Interactions between community composition and environmental or other factors across space and time are complicated and, while manipulative experiments are useful for understanding such interactions, they are not always possible, especially for long-lived taxa. There are opportunities to apply an ever-expanding set of analyses designed to quantitatively address complex temporal questions using community composition data (Avolio et al., 2019; Legendre, 2019). Nonetheless, there remains a general reliance on well-known descriptive methodologies where community dynamics are assessed via visual outputs of patterns through time (Buckley et al., 2021). The collection of quantitative methods outlined in this present study is an attempt to illustrate the similarities, differences and advantages of the main classes of methods, to assist those wanting to quantitatively assess dynamics, rather than just describe or visualise patterns, focussing particularly on datasets with relatively few temporal replicates.

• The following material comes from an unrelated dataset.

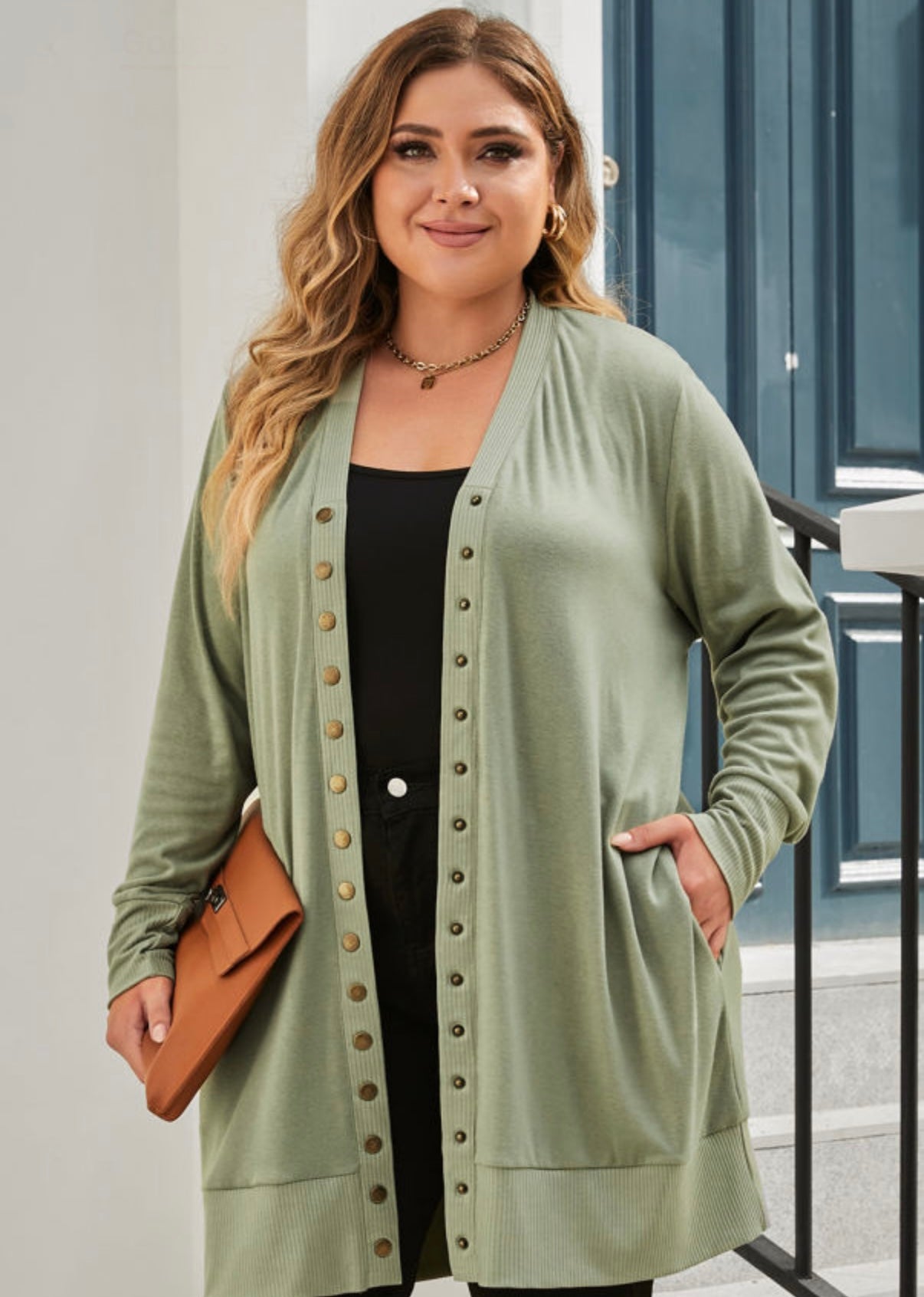 Green Plus Size Snap Buttons Front Knit Cardigan

As ecosystems continue to undergo changes globally, there is an urgent need to generate useful predictions about how communities may continue to respond to ecosystem disturbances, such as climate change, invasive species, and habitat fragmentation (Hobbs, Yates & Mooney, 2007; Kampichler et al., 2012). Ultimately, we hope that the illustrative guide presented here will enable researchers to make more-informed decisions about their choice of analysis methods that will lead to an improved ability to draw strong spatio-temporal inferences from their community datasets.